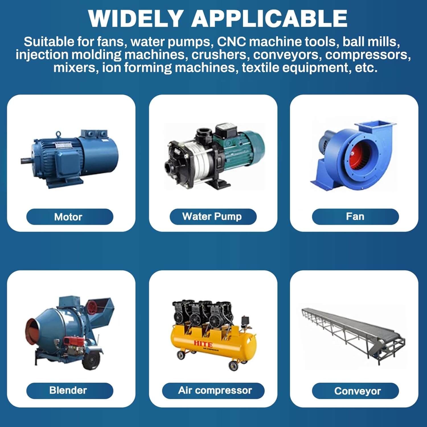 Široka uporaba: primeren za ventilatorje, črpalke, kompresorje, CNC stroje, transporterje, brizgalne stroje, tekstilne stroje in druge trifazne pogone, ki zahtevajo natančen in stabilen nadzor hitrosti.
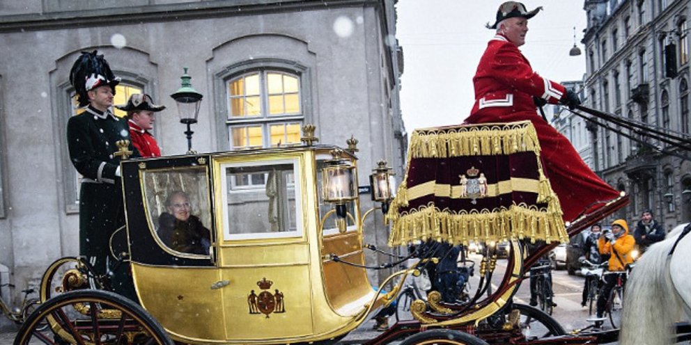 Η 75χρονη βγήκε από το παλάτι με την πολυτελή άμαξά της και διέσχισε την Κοπεγχάγη, στο πλαίσιο των εκδηλώσεων για την έλευση της νέας χρονιάς. Η άμαξα είχε κατασκευαστεί το 1840 και είναι επενδυμένη με φύλλα χρυσού 24 καρατίων.
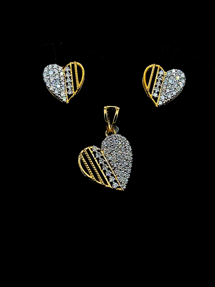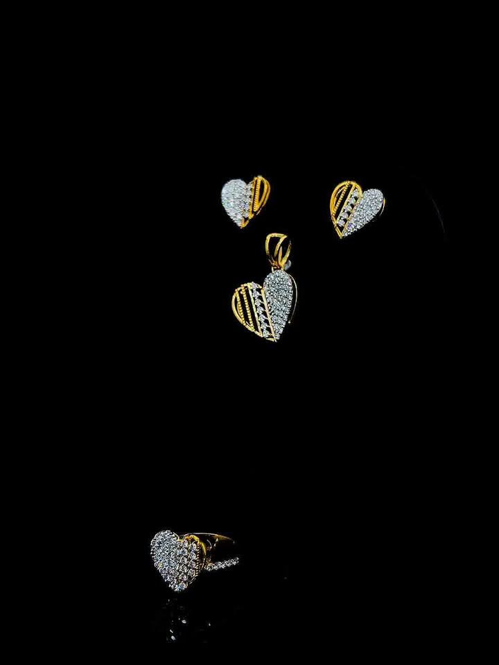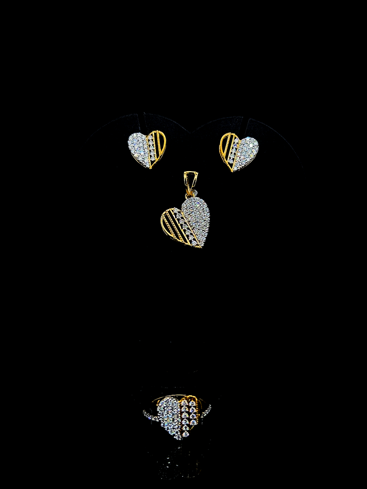 9K Yellow Gold Dual-Tone Heart Diamond Jewelry Set Pendant/Earrings/Ring-Wedding & Party Luxury Jewelry with Everlasting Shine
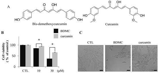 The structural difference between BDMC and curcumin is the presence of a dimethoxyl group at the ortho-position of the phenol rings of curcumin, as shown in Figure 1A. To evaluate the cytotoxic effects of BDMC and curcumin on activated HSCs, we examined the pro-apoptotic effect of BDMC on HSC-T6 cells, reflected as altered cell integrity, using MTT assay. HSC-T6 cells were exposed to BDMC or curcumin, each at 10 and 30 μΜ concentrations, for 24 h. We observed that BDMC, unlike curcumin, potently induced apoptosis in HSC-T6 cells (Figure 1B). After incubation with both compounds at 30 μΜ for 24 h, BDMC was found to significantly reduce the number of HSC-T6 cells (Figure 1C).
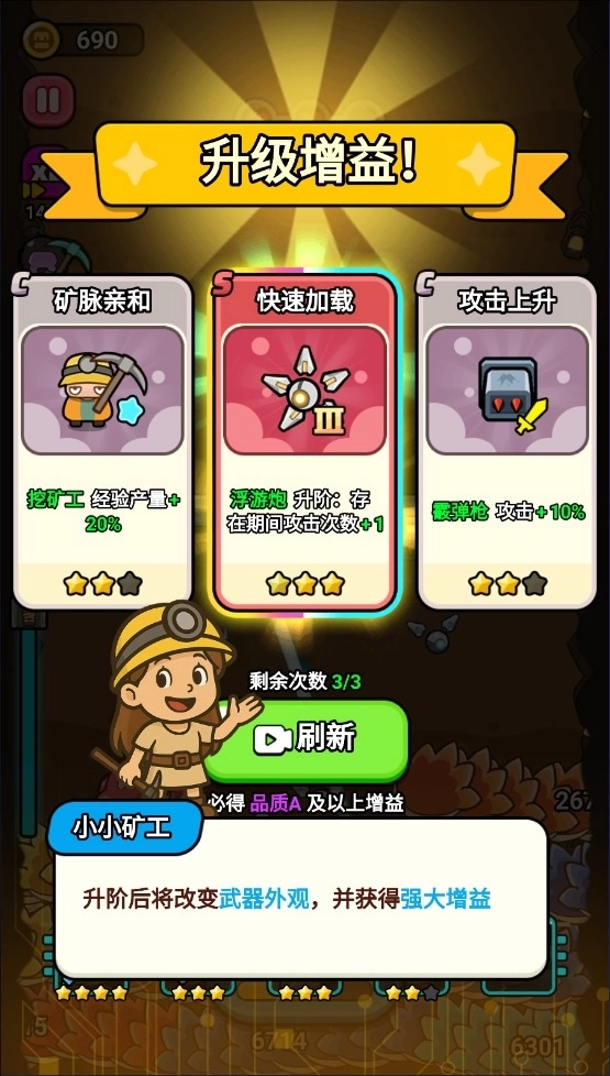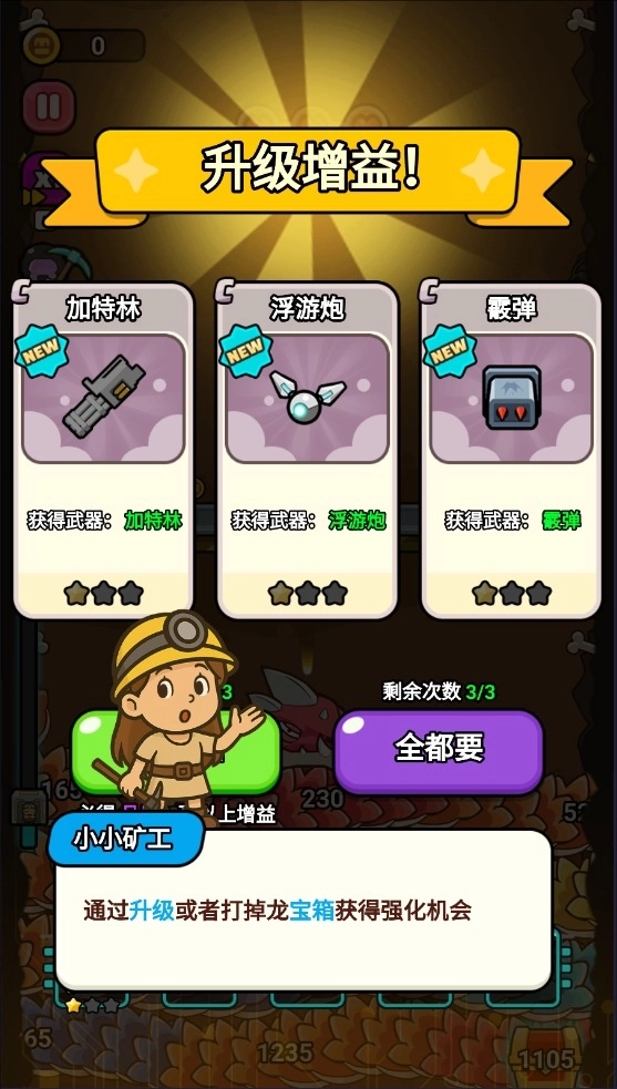 3、挑选增益来升级以提升战斗力,升级或者击败龙宝箱都能获取强化机会。
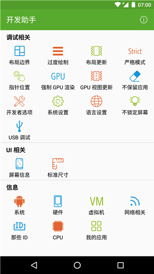 1. 快速打開或關(guān)閉開發(fā)者選項中的選項。將原來幾十秒的操作縮短為一次點擊。包括顯示布局邊界、顯示 GPU 過度繪制、顯示布局更新、強制 GPU 渲染、顯示 GPU 視圖更新、顯示指針位置、嚴(yán)格模式、不保留活動、不鎖定屏幕。每個工具可以通過長按工具圖標(biāo)添加快捷方式到桌面,以后連打開 App 都省了。
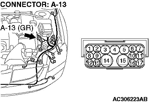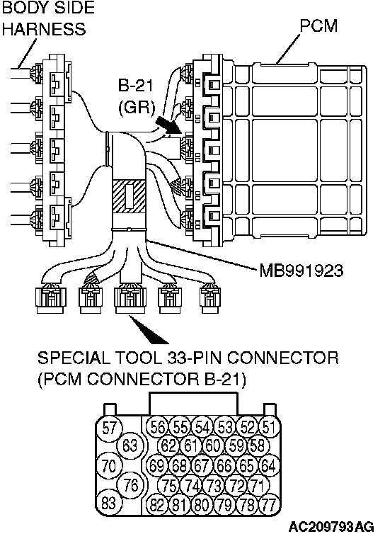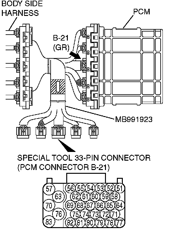 2. Connect special tool MB991923 (check harness) between the PCM and the body-side harness connector.
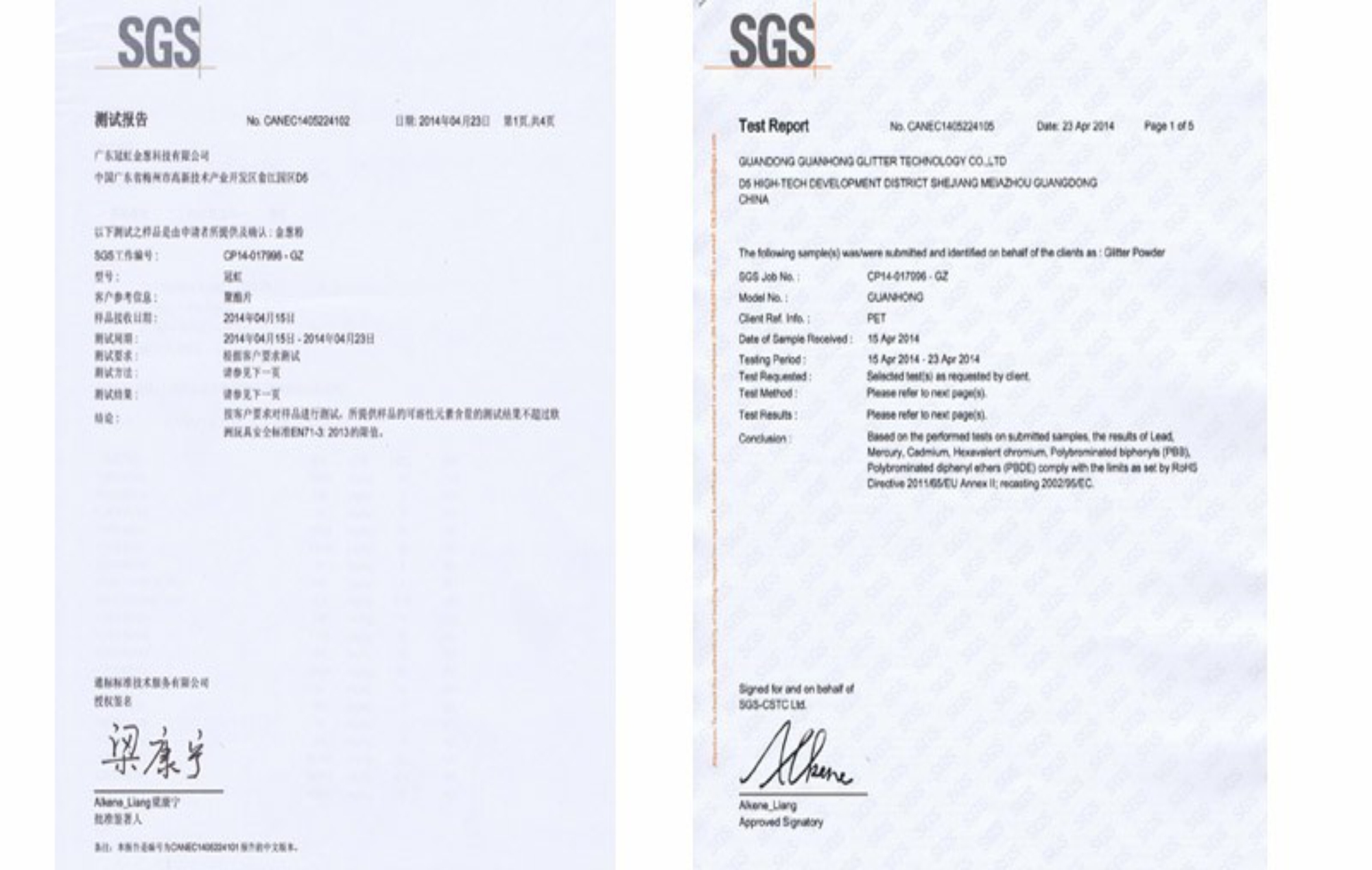冠虹金葱专注于品品质及(qing)服务的不断创斎ͼ以负责的态度向各应用行业提供品质可靠的品及(qing)应用解决Ҏ(gu)Q品通过EN71-3、ROHS、Formaldehyde、HR4040、MSDS{检及(qing)体系认证?/div>
----------
## What you should do
Everything from the first line of the records through the line containing "9K Yellow Gold" should be repeated exactly, with the pictures left out.

## Answer box
 Široka uporaba: primeren za ventilatorje, črpalke, kompresorje, CNC stroje, transporterje, brizgalne stroje, tekstilne stroje in druge trifazne pogone, ki zahtevajo natančen in stabilen nadzor hitrosti.
 Η 75χρονη βγήκε από το παλάτι με την πολυτελή άμαξά της και διέσχισε την Κοπεγχάγη, στο πλαίσιο των εκδηλώσεων για την έλευση της νέας χρονιάς. Η άμαξα είχε κατασκευαστεί το 1840 και είναι επενδυμένη με φύλλα χρυσού 24 καρατίων.
 9K Yellow Gold Dual-Tone Heart Diamond Jewelry Set Pendant/Earrings/Ring-Wedding & Party Luxury Jewelry with Everlasting Shine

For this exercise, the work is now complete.